5 Years of Gone Girl

If you are a fellow university student reading this, you most likely have been born anytime between 1997 and 2001 (if you are an average undergraduate student), meaning you were more or less 16 years old, when Gone Girl came into cinemas. Does that matter? Why, yes, it does, dear reader. I was planning on writing this article for a while – not an article on the 5-year anniversary of Gone Girl, but anything to do with Gone Girl, really. I have always seen it as an underappreciated movie, for various reasons, which I will touch upon in the rest of the article. However, Gone Girl hitting its 5-year mark in the beginning of October, was the perfect opportunity for me to explore why it is more than another-thriller-film-based-on-a-bestseller, and why it hasn’t been on your radar. 

Let’s go back to 2014, when Gone Girl, the best-selling novel written by Gillian Flynn, was adapted into a film starring Ben Affleck and Rosamund Pike, and first premiered. At the time, I was 14 years old, and some of you were a bit older perhaps, but most likely still in school. Gone Girl is not the type of movie that will appeal to younger audiences – it is a thriller, first and foremost. It is a gruesome, macabre and disturbing movie, definitely not one you could watch ‘just for fun’. You have to watch it with the right mindset – the one you prepare for a movie that you know will be unsettling, but intriguing enough to watch. After a couple of conversations with my friends and fellow classmates, I have discovered that most of them either think that: a) Gone Girl is an okay movie or b) they haven’t seen it/don’t recall seeing it. My hypothesis is simple: it was advertised (and ranked) as a movie for 16 or 18 year old’s (depending on the country), so it simply did not hit the mark with our age group. 

Just so you know, the reason why I have not summarised the plot of the movie yet, is because I simply will not. If I give you too much information, the movie will be ruined for you. So all you need to know is – a woman goes missing and her husband doesn’t know anything about it.
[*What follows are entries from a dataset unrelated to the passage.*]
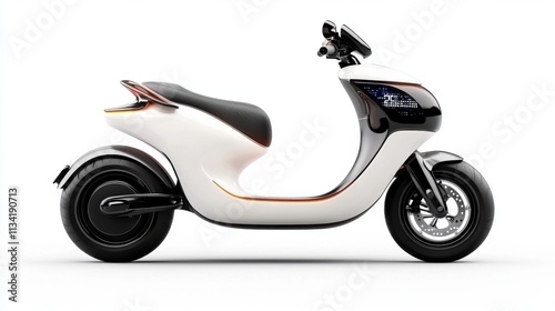 Obraz premium A modern electric scooter with sleek lines and a digital display, isolated on a white background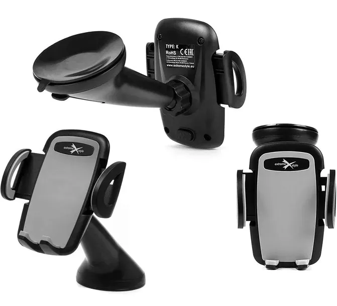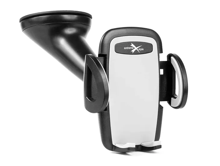 Kulowe połączenie głowicy z mocowaniem do szyby umożliwia ustawienie telefonu zarówno w poziomie jak i w pionie.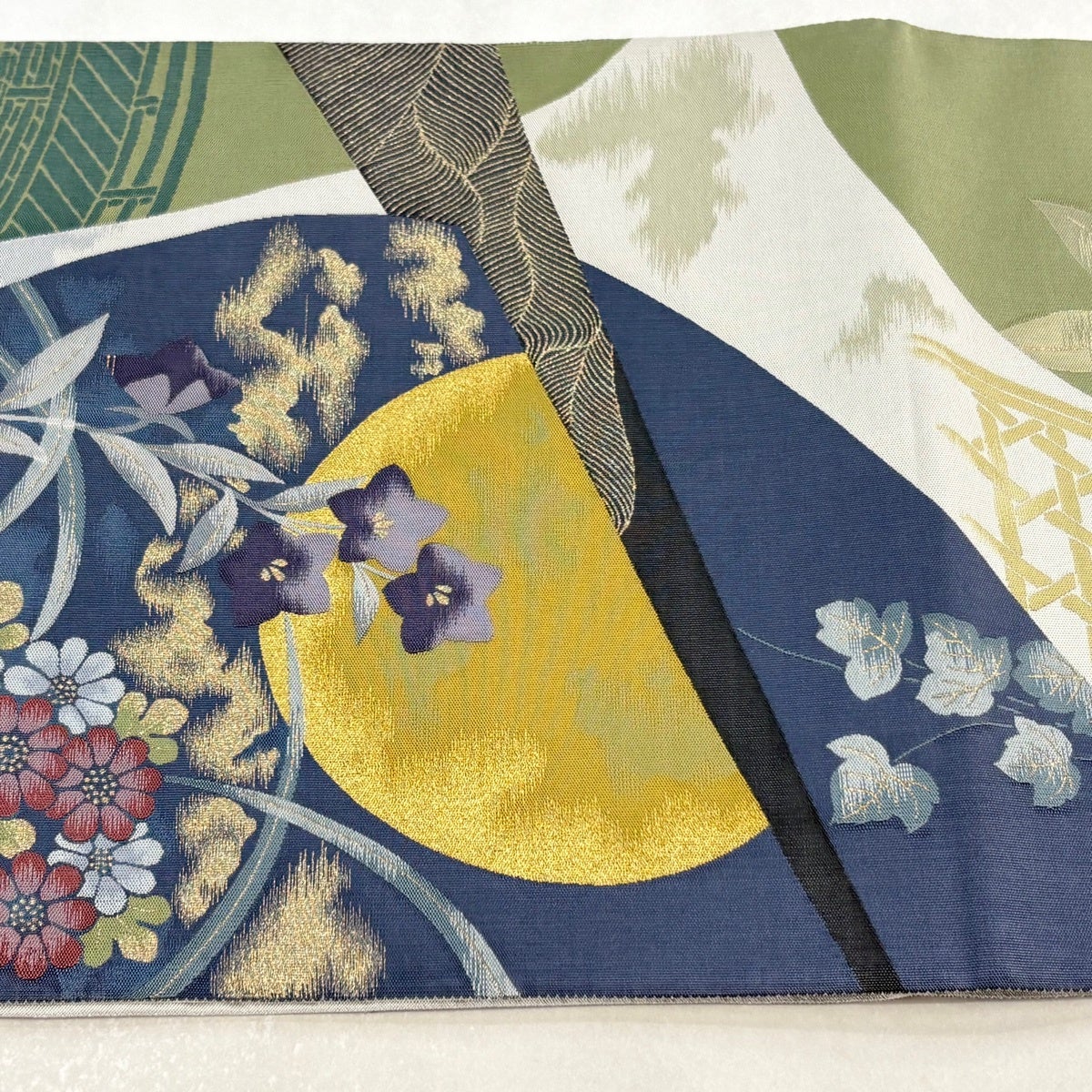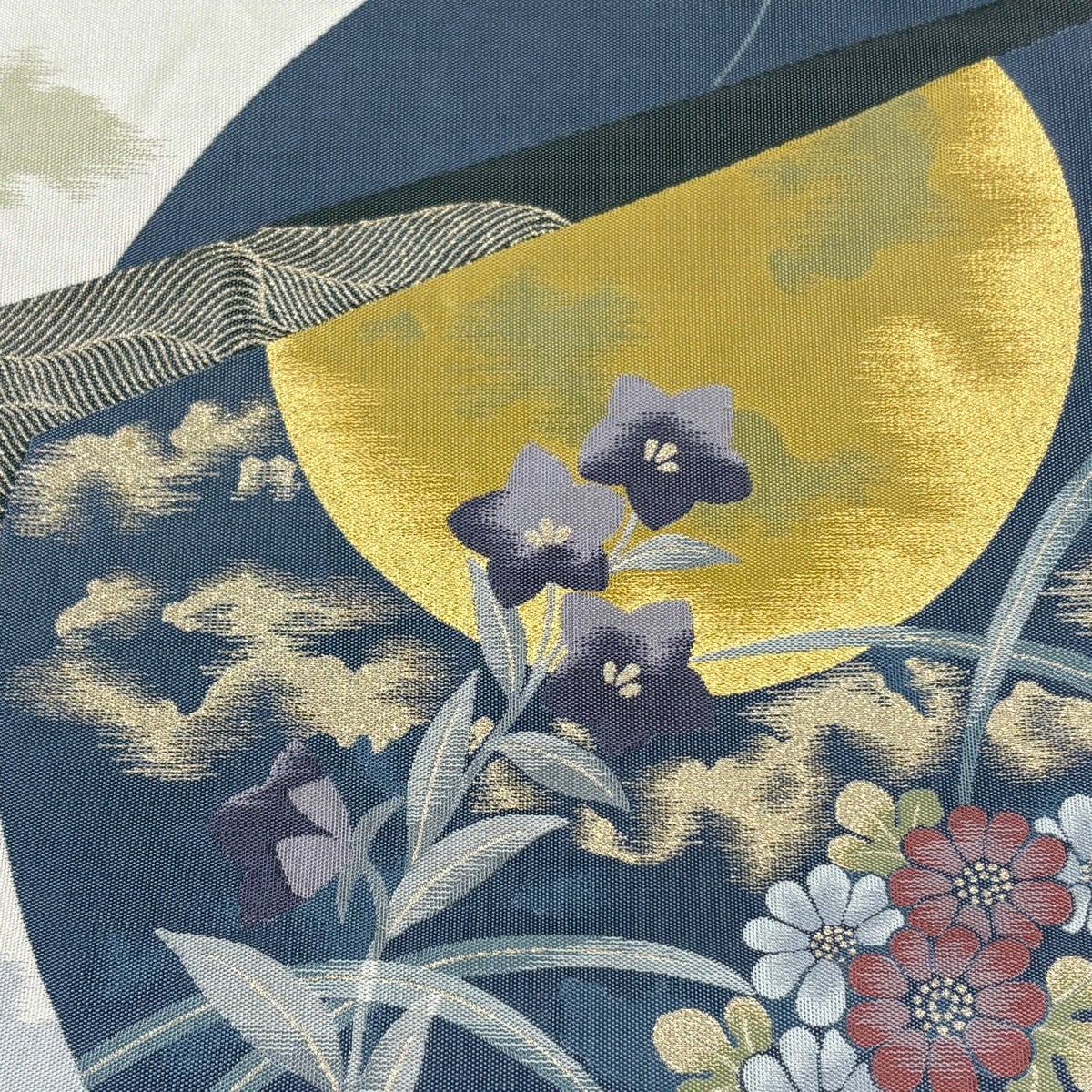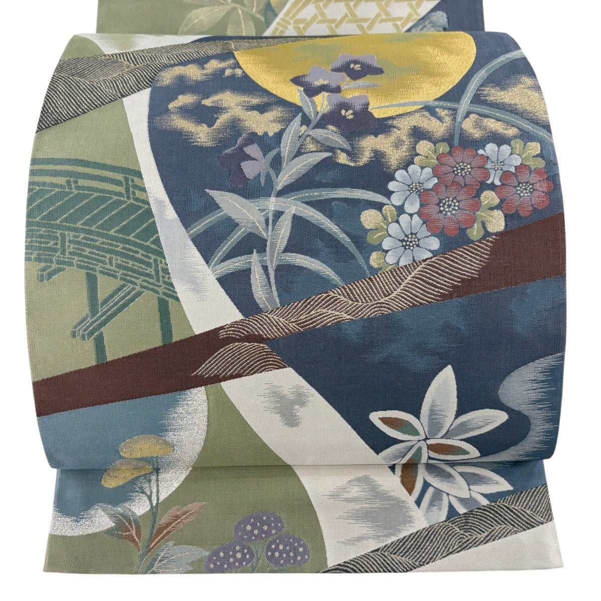袋帯 秀品 秋花彩光 風月山河 月 秋草 金糸 箔 青灰色 お太鼓柄 正絹

I have scoured the internet, and there are not as many reviews out there as I expected. Nonetheless, there are some. Interestingly enough, none of them went in depth about the soundtrack or the cinematography – most of them were focused on the actors. Which I suppose is fair in some ways, as the average reader is more interested in how well a famous actor did in a movie, rather than how nicely synched the soundtrack was with the nature of the film. Gone Girl is so much more than Affleck’s and Pike’s acting. Notwithstanding, their performance is phenomenally cold and enigmatic, which sets the scene perfectly. Nonetheless, I would like to focus more on the soundtrack. It is a fact that successful thriller movies are dependent on their soundtracks, more specifically, how well placed the silence is, as well as the changes in pitch and tone. Gone Girl’s eerie and experimental soundtrack perfectly underpins the air of discomfort following Affleck’s character throughout the movie. Its hidden Morse-like, static, and other odd sounds, that pop up every now and then, set the scene without using any words – something is broken, something clearly is not working – something just isn’t right. The music builds onto Affleck’s performance, and either push the audience to pity him, or dislike him. Without the soundtrack, and the cool, blue tones of the film, the movie would never be as unsettling as it is. The soundtrack on its own is an interesting piece of music to listen to, and I would suggest you listen to it first before you watch the movie – it will give you a better sense of what you are in for (and you are in for a treat, indeed, albeit a macabre one).